▸ TASK TO CARRY OUT:
Make an exact copy of all the records that follow, apart from the pictures.

[[ TASK DATA open ]]

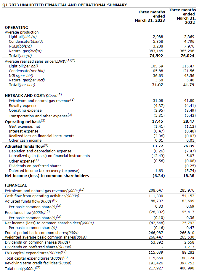Achieved quarterly average production of 74,592 boe/d, a 2% decrease from Q1 2022, notwithstanding an unplanned outage on Pembina Pipeline Corporation's Northern Pipeline system that significantly impacted the Corporation's NGLs sales volumes in Q1 2023.
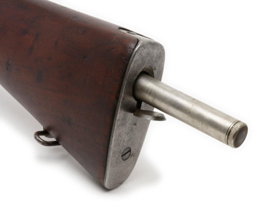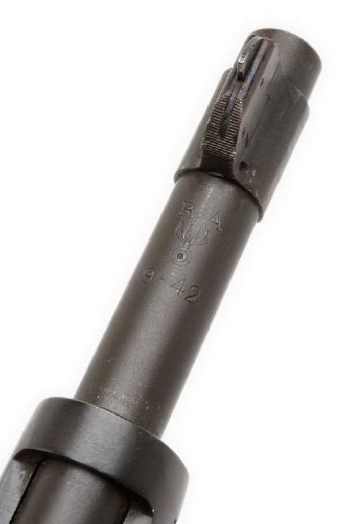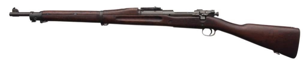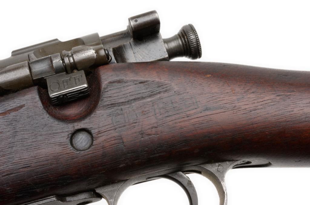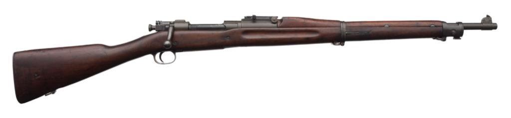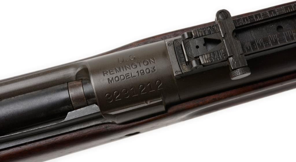 **U.S. Remington Model 1903 bolt action military rifle, .30-06 caliber, 24ā Remington barrel dated 9-42, S/N 3231212, military finish, full length wood stock, sling swivels and metal butt plate with trap and cleaning tube included. This rifle is in overall very good to fine condition displaying the majority of its military finish, very good to fine bore, crisp action and markings, very good + wood stock with circle āPā proof and partially visible inspector cartouches on left side of stock above trigger. Est.: $500-$1,000.
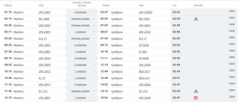 K sreči je tukaj še ICS vlak (InterCity Slovenija), ki prvi zjutraj pelje ob 5.40 in vas na ljubljanski železniški postaji odloži 15 minut pred osmo. Potovalni čas tako obsega zgolj dve uri in pet minut, medtem ko naslednji odpelje iz Maribora šele ob 10.48.
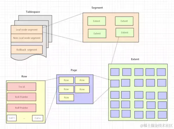 - 表空间由段组成,常见的段有数据段、索引段、回滚段等。
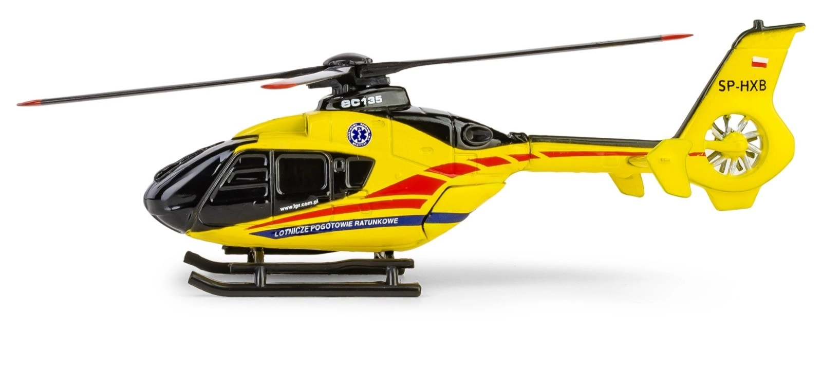 Tento licencovaný model verne zobrazuje vrtuľník AIRBUS EC135 používaný leteckou záchrannou službou. Precízna potlač a autentické označenie zodpovedajú reálnemu sfarbeniu, vďaka čomu model skvele vynikne v zbierke aj na pracovnom stole.
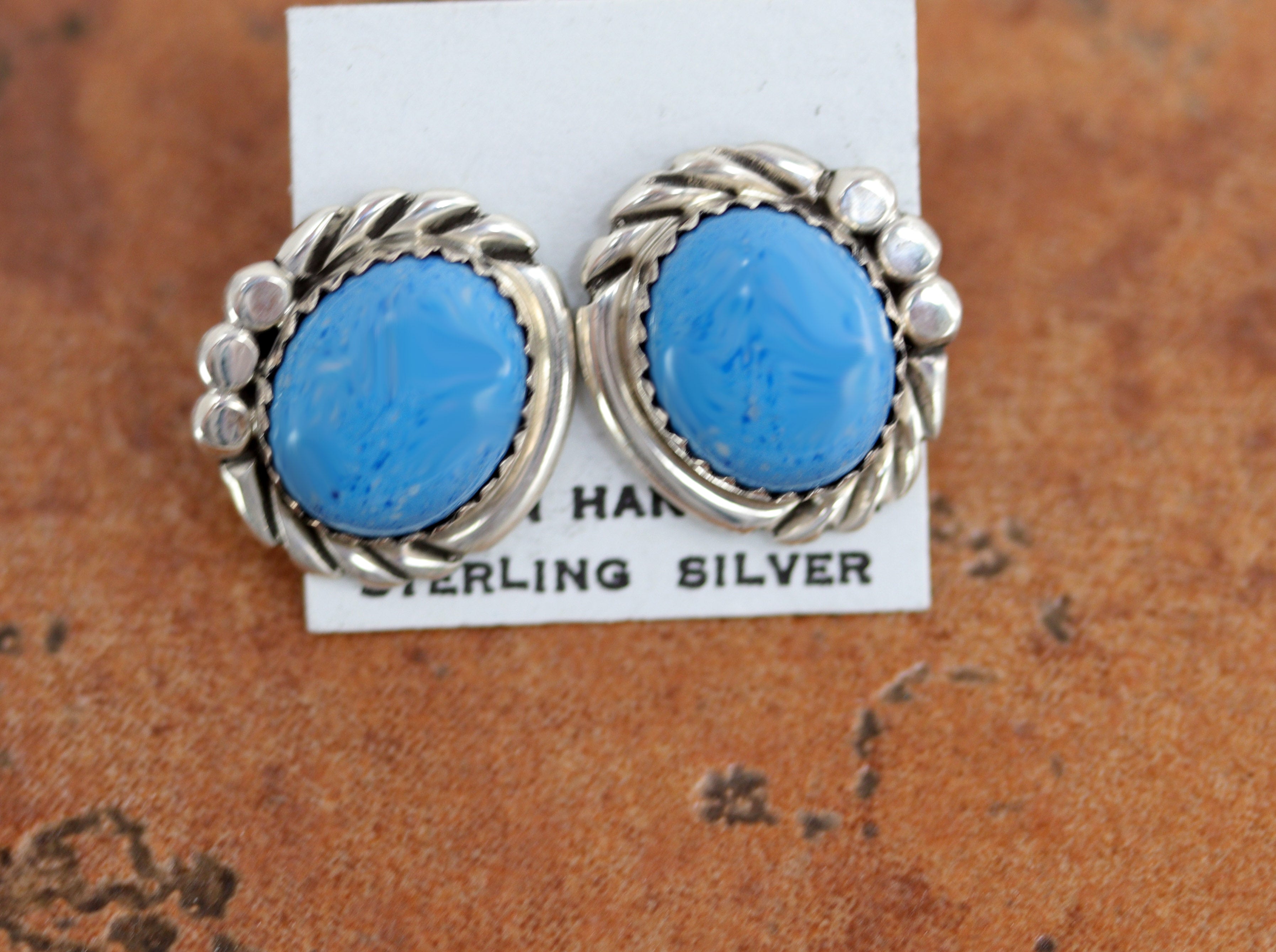 Very nice, Navajo Native American earrings. They are made from sterling silver and denim lapis. The earrings are about 5/8" in length, and about 5/8" wide.

[[ TASK DATA closed ]]

▸ TASK SOLUTION:
Achieved quarterly average production of 74,592 boe/d, a 2% decrease from Q1 2022, notwithstanding an unplanned outage on Pembina Pipeline Corporation's Northern Pipeline system that significantly impacted the Corporation's NGLs sales volumes in Q1 2023.
 **U.S. Remington Model 1903 bolt action military rifle, .30-06 caliber, 24ā Remington barrel dated 9-42, S/N 3231212, military finish, full length wood stock, sling swivels and metal butt plate with trap and cleaning tube included. This rifle is in overall very good to fine condition displaying the majority of its military finish, very good to fine bore, crisp action and markings, very good + wood stock with circle āPā proof and partially visible inspector cartouches on left side of stock above trigger. Est.: $500-$1,000.
 K sreči je tukaj še ICS vlak (InterCity Slovenija), ki prvi zjutraj pelje ob 5.40 in vas na ljubljanski železniški postaji odloži 15 minut pred osmo. Potovalni čas tako obsega zgolj dve uri in pet minut, medtem ko naslednji odpelje iz Maribora šele ob 10.48.
 - 表空间由段组成,常见的段有数据段、索引段、回滚段等。
 Tento licencovaný model verne zobrazuje vrtuľník AIRBUS EC135 používaný leteckou záchrannou službou. Precízna potlač a autentické označenie zodpovedajú reálnemu sfarbeniu, vďaka čomu model skvele vynikne v zbierke aj na pracovnom stole.
 Very nice, Navajo Native American earrings. They are made from sterling silver and denim lapis. The earrings are about 5/8" in length, and about 5/8" wide.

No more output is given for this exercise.